Problem –
Below are the entries; return exactly the line with "于徐汇校区文科实验楼808室" and every later line, without anything else.

(Stored data)

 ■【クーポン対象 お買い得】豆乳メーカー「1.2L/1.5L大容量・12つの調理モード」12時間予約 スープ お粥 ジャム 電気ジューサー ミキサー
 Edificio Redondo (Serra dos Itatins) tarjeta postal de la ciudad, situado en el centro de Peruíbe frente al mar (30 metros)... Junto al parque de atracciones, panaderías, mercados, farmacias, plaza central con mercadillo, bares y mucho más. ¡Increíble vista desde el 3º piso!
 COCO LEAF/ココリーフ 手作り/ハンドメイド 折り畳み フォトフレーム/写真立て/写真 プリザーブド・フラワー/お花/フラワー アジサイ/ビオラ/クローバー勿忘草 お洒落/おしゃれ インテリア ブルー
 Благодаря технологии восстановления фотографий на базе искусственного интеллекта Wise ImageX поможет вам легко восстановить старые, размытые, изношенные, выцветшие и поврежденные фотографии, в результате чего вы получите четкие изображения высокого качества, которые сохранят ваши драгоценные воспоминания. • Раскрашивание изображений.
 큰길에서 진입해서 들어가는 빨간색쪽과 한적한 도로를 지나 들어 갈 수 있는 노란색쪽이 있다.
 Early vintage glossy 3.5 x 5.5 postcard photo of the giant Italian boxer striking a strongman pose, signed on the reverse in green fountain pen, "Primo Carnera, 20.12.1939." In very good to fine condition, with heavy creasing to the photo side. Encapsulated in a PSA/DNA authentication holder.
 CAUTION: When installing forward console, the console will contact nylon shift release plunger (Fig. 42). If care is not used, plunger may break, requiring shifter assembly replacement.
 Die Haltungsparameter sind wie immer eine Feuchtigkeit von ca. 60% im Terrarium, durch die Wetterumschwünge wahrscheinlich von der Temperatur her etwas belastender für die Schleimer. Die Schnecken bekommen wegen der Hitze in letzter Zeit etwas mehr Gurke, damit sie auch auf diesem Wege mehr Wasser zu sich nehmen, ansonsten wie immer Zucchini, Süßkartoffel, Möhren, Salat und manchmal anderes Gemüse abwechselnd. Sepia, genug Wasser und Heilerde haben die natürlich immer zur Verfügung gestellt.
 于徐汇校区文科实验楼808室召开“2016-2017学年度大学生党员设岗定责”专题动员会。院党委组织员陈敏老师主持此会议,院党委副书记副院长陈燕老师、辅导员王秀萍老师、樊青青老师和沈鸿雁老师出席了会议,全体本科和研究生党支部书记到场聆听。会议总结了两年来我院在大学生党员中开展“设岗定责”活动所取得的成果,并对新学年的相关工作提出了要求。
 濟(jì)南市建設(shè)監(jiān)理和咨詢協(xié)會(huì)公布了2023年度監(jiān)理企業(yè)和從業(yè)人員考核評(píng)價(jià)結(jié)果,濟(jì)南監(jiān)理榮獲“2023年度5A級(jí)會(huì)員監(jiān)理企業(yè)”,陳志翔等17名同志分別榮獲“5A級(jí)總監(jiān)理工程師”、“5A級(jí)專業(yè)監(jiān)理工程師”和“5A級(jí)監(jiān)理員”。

Solution below –
 于徐汇校区文科实验楼808室召开“2016-2017学年度大学生党员设岗定责”专题动员会。院党委组织员陈敏老师主持此会议,院党委副书记副院长陈燕老师、辅导员王秀萍老师、樊青青老师和沈鸿雁老师出席了会议,全体本科和研究生党支部书记到场聆听。会议总结了两年来我院在大学生党员中开展“设岗定责”活动所取得的成果,并对新学年的相关工作提出了要求。
 濟(jì)南市建設(shè)監(jiān)理和咨詢協(xié)會(huì)公布了2023年度監(jiān)理企業(yè)和從業(yè)人員考核評(píng)價(jià)結(jié)果,濟(jì)南監(jiān)理榮獲“2023年度5A級(jí)會(huì)員監(jiān)理企業(yè)”,陳志翔等17名同志分別榮獲“5A級(jí)總監(jiān)理工程師”、“5A級(jí)專業(yè)監(jiān)理工程師”和“5A級(jí)監(jiān)理員”。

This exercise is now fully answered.